When is it okay to swear at your audience?

February 14, 2018 Neil No comments exist

Just a quick disclaimer – there will obviously be a couple (well, a lot) of swears in this post.

A couple of scandals back, Donald Trump caused international outrage by calling some countries ‘shitholes’. Conversely, Labour’s Jonathan Reynolds recently won positive national coverage for telling a holocaust denier he’d rather pick up shit with his hands than continue the conversation, and Jess Phillips MP’s forthright response to a troll has (as of writing this post) not even been deemed newsworthy by mainstream outlets.

Obviously context plays a major role in these examples, but it does beg the question: when is it okay to swear? And can it ever work in your favour as a business? Well, firstly, let’s not conflate the word-slinging above with a carefully planned part of a communications strategy. Plenty of people have some four letter words they’d love to try out on the odd customer, but alas, that type of talk is still generally reserved for the conversations you have in your head while taking a shower.

So instead, here are three lessons from businesses whose messages have crossed into the profane and made it work.

1. Know your audience

For every person that appreciates unfiltered language from their business partners, there will be others that are immediately put-off.
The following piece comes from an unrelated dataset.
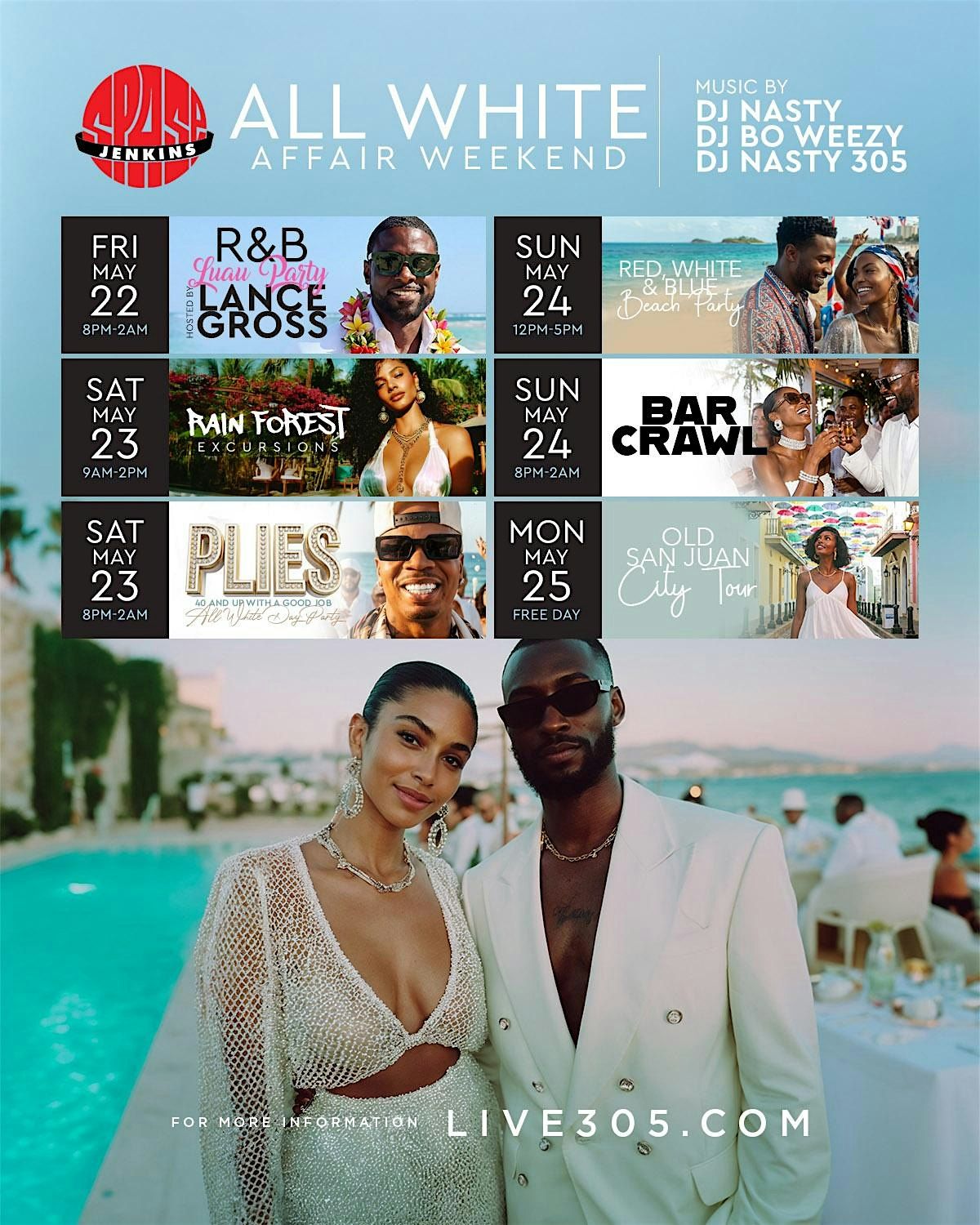 After we leave the jungle, we then move to the headliner of the weekend the "PLIES 40 AND UP WITH A GOOD JOB ALL WHITE AFFAIR" Join Plies and a few surprise guests as we party underneath the gorgeous Puerto Rican skyline!

So if you’re going to swear in your content, acknowledge that it will only appeal to a certain demographic.

The rather excellent logo designer Paddy McGrath, who runs superlogoboy.com, uses a sprinkling of risky language to challenge potential clients to tell a compelling brand story.

Paddy’s site is an honest and authentic reflection of both his voice and his design philosophy, and he uses it as a gateway for clients that he knows will be open to his development process. “I’m quite selective about the people I work with”, explains Paddy. “We have to both be excited about working together and my website is a way to set my clients’ expectations from the beginning”.

2. Have a purpose

One of the biggest arguments against swearing in marketing is that it risks drawing attention away from your actual message. Profanity is powerful, but does it genuinely contribute to what you want to achieve?

Dollar Shave Club’s 2012 launch video would have been hilarious on its own, but its title and strapline resonated with their target audience of younger men who wanted a cheaper shave. It was only a small part of an already creative advert, but it worked, and was made even more funny and relatable by the company’s charismatic founder.

In 2015 Paddy Power managed to get the ASA to clear its advert telling Sepp Blatter to ‘just f**k off already’. The betting company’s argument was that their ad reflected the “overwhelming sentiment” felt by fans that Blatter should resign. The bookmaker’s strapline is ‘we hear you’ for a reason.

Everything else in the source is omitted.